Все обошлось благополучно. Железные ворота распахнулись, и автобус въехал на территорию порта. Пакгаузы. Железнодорожные пути. Маневровые паровозы. Горы ящиков, труб, бухты кабелей, пирамиды тюков хлопка, крики чаек, запах моря и просмоленных канатов… Вот наконец и причал англо-русской линии, с белоснежным теплоходом, готовым отплыть к дальним берегам Темзы.
Пройдены и таможенный и пограничный контроль.
Матрос в темно-синей робе, в начищенных ботинках, подтянутый, аккуратный, подхватил чемоданы американцев и побежал по трапу на корабль.
- Пожалуйста, проходите! - раздался чей-то голос. Картер поднимался на русский корабль медленно, чуть важно, как и полагалось заморскому путешественнику.

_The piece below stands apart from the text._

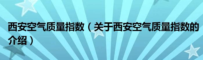 西安空气质量指数(关于西安空气质量指数的介绍)
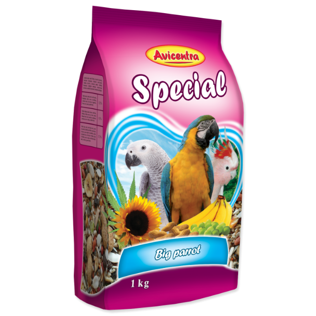 Vyvážené krmivo pro velké papoušky, vhodné pro dlouhodové krmení.

Вот и палуба, желтовато сияющая, будто облитая прозрачным майским медом. Бронза, хрусталь, начищенная медь. Зеркала, отражающие корабельные огни. Ковровые дорожки. Красное дерево салонов. Высокие, обитые кожей, манящие к себе табуреты бара, автоматы для коктейлей. Полосатые шезлонги на прогулочной палубе. Красивые девушки в накрахмаленных чепчиках, в кружевных фартучках.
Горничная первого класса с чуть раскосыми глазами, похожая на Катюшу Маслову, встретила Картера и его спутника в вестибюле, провела в каюту.
Отданы концы, приземистый буксир развернул корабль и повел его по морскому каналу к заливу. Все дальше и дальше Ленинград, тускнеют и гаснут его огни.
Растворились в туманной мгле последние маяки, остались позади гигантские шеи плавучих кранов, стоящих на Кронштадтском рейде. Вот наконец и простор финского залива, большая морская дорога, нейтральные воды, а Картер все еще по-настоящему не радуется. Рано! Ведь на корабле есть радиостанция, она может принять закодированную телеграмму-молнию. Кроме того; у пограничников имеются быстроходные сторожевые катера. Много, ох как много бед натворил Картер, прежде чем его поймали с поличным. Русские могут, в виде исключения, не посчитаться с его неприкосновенностью.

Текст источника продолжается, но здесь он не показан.